Twitter will cut out the waffle
Liam Horan YES. I Twitter. My name is Liam and I Twitter. Often on my own. I don’t really know exactly what I’m doing. Maybe I’m wasting my time, the hour or two a week I end up spending on there. But I feel I’m not. It’s just a hunch, but a hunch is often the most reliable of all. I feel this whole Twitter thing will prove very useful yet. I feel I am headed in the right direction with this whole new phenomenon. I’m Liam, and I Twitter.
In the last week I have:
* Asked for some guidance on who does printed t-shirts in Ireland (I got four replies, all useful);
* Told the world (and now you, you should never miss a trick) of my Championship Man CD in Ballinrobe last Friday night. The world managed to cope reasonably well with the news, and the earth continued to turn on its own axis without much disruption, but a few people I’d like to know about the event got to know about it, so, in today’s parlance, we’ll call that a result;
* Told the world, again, about sundry other business and personal events I’m involved in.
So who picked up on them?
Sometimes it’s hard to know. I follow 262 people, and 113 people follow me (the missing 149 are the subject of some investigation they will find extremely uncomfortable.) I got a few messages back, expressions of goodwill, promises to go into a local shop and buy the CD, and, I suspect, a general noting of the contents of my Tweets.
Michael Fitzgerald is a former Waterford football full-back who runs a design company www.fitzdesign.ie in Galway. I heard him speak recently at a networking event about Twitter. ‘Facebook,’ he said, “is said to be for the people you once knew – Twitter is for the people you want to know.”
It’s not a bad description. A confession: I don’t slavishly follow the news agenda any more. It can drain my morale. I was never less in touch with an election than I was this time. But I still need to get news.
Ergo, I follow the Tweets of some key people whose opinions I would like to hear. I don’t need chapter and verse, just a flavour.
And so, instead of wading through the papers and tuning to the news programmes, I can just pick up something like the following from David McWilliams the morning the most recent Anglo-Irish results came out:
“Following the Anglo results this morning, the full nationalisation of the two big Irish banks is practically certain.”
That was all I needed to know. A couple of hours later he elaborated:
“Re Nationalisation - if others have losses as big as Anglo’s, they will wipe out their cap’ base, govt have to inject more cap and take over.”
(The abbreviations are his.)
The beauty of Twitter is that you can only post 140 characters per Tweet.
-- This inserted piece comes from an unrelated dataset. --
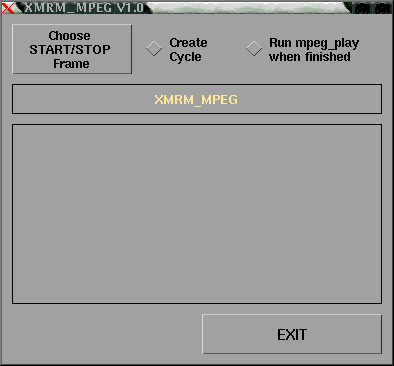 Você chama este diálogo clicando em "Execute xmrm_mpeg". Escolhe depois a primeira e a última imagem da animação utilizando o botão "choose start/stop frame", e clique GO para iniciar a operação final que faz a animação mpeg.

Thus you have to get to the point. There is no room for waffle, no time for clearing your throat, no opening for you to give history lessons.
It promotes brevity. Sometimes that’s a very good thing. In business, what do you do? Write me in 140 characters what you do? Tell me in ten seconds?
Of course, you can’t tell me all I need to know under such space and time constraints – but, if you use it properly, you can excite my interest.
Give people 2000 characters or ten minutes to talk about your business, and, more often than not, they will bore and/or confuse you (no obvious comments please.) They will tell you things you don’t need to know. They will talk themselves when they should be talking about you.
As I said, I’m not sure where it’s going, Twitter. But I have a feeling that, one day, it will bring a significant business dividend for me.
When it does, you’ll be the first to know. In 140 characters. From my sun-kissed villa a few leisurely miles outside Nice. With a smug smile on my face like Michael Ring the day he got half of Westport elected, or so I’m told.
Liam Horan is the proprietor of Sli Nua Communications, which runs a monthly business network in Castlebar. The next network event is on Thursday, July 9th, and guest speaker will be Robert Grealis (ex CEO of Ireland West Airport.) To be included:
admin@slinuatraining.com or 094 95 42965.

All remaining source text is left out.